Группа сталкеров впервые подобралась к самому сердцу Зоны — Чернобыльской АЭС, спровоцировав катаклизм, который едва не привел к катастрофе. Грандиозный Выброс аномальной энергии изменяет Зону. Проверенных и относительно безопасных дорог больше нет. Целые уровни пропадают в сполохах аномалий. Сталкеры и даже экспедиции гибнут или оказываются запертыми на пропавших территориях. На карте Зоны появляются новые места. 

Изменения известной сталкерам карты Зоны нарушает хрупкий баланс сил. Между группировками разгорается вражда за новые территории, поля артефактов и сферы влияния. Больше нет старых врагов или друзей: каждый сам за себя. Между фракциями началась война. Главный герой — наемник, волей судьбы оказавшийся на самом острие противостояния между фракциями сталкеров, Стрелком и даже самой Зоной. Ему предстоит сыграть основную роль в событиях, которые привели к той точке, с которой начинается оригинальная игра._Nietzsches добавил 04.07.2009 в 15:11_
как вам игра? Скачать можно [Скрытая ссылка. Необходима регистрация. ] ( нужна регистрация) но ссылка меняется раз в 3 дня,ссылку тащат на блоги((( и все ложится,там же есть моды,патчи и еще всяка мелочь.

----------


## HARON

Игрушка кульная,как-то играл в неё с утра до вечера.
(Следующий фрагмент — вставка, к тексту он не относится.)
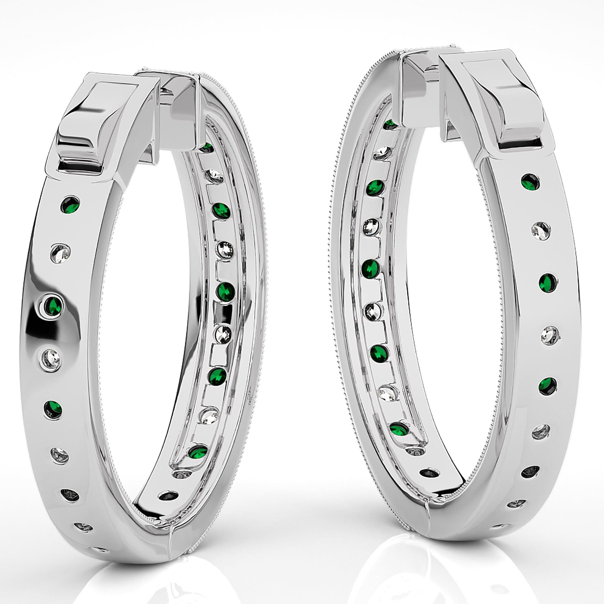 1 3/4 CT. Round Natural Diamond and Emerald Inside Out Hoop Earrings
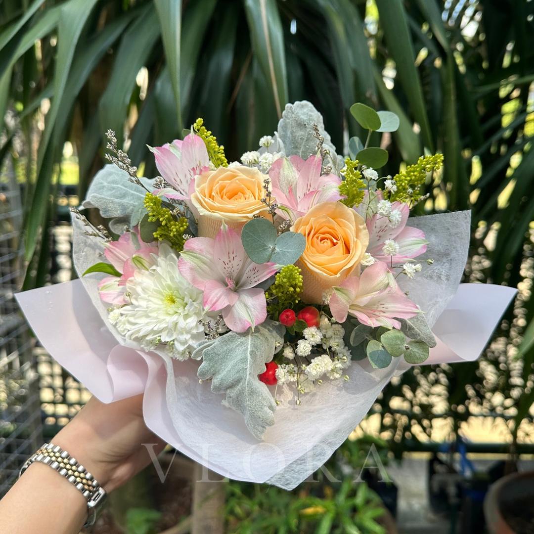 Flower availability varies with the seasons. If a specific flower isn’t available, we’ll replace it with a similar or higher-value option without prior notice. (Wrapping styles may also vary slightly, but the overall design will remain consistent.)

Сейчас некогда.

----------


## Sanych

Мне нравятся Сталкеры. Толковая игрушка не смотря на кучи багов в младших версиях.

----------


## Stych

Я если и первую часть прошел, то вторая не зацепила, те же карты, те же лица. Плюс еще куча багов. По крайней мере была вначале. Забросил, не вставило.

----------


## Serj_2k

Дима, спасибо, скачал. скоро поставлю и посмотрю, чё там. мне, из сталкера чё крайне не понравилось, так это то, што артефакты, за которыми идёт охота, кроме меченного больше никому не нужны, гг. разбросай прямо под ноги их, или оружие или пофиг што, никто не заберёт ))

ну и запостю сюда статейку про сталкера, тока по-новее

*S.T.A.L.K.E.R.: Зов Припяти – может, с третьего захода? (первый взгляд)*

Автор: Антон Костюкевич
Дата: 04.07.2009
взято с [Скрытая ссылка. Необходима регистрация. ]

Из всех "постсоветских" игр самые необычные отношения у отечественных покупателей сложились, пожалуй, с серией S.T.A.L.K.E.R.. Долгие годы ее дебютный проект был чем-то вроде несбыточной мечты, светлого идеала "гениальной и неповторимой игры". Затем мечта сбылась, материализовавшись, правда, в виде игры отнюдь не совершенной. Но несмотря на все недостатки, у проекта была та самая, простите за дурацкое выражение, метаморфическая "душа". Эта игра ощущалась и выглядела совершенно уникальным образом. Тут и вправду можно было поверить, что чернобыльская авария стала причиной куда более страшных изменений, нежели на самом деле. Изуродованные деревья, серые стены, полуразрушенные дома и заводы, вечная осень - S.T.A.L.K.E.R. профессионально нагонял тоску. Разумеется, в хорошем смысле. 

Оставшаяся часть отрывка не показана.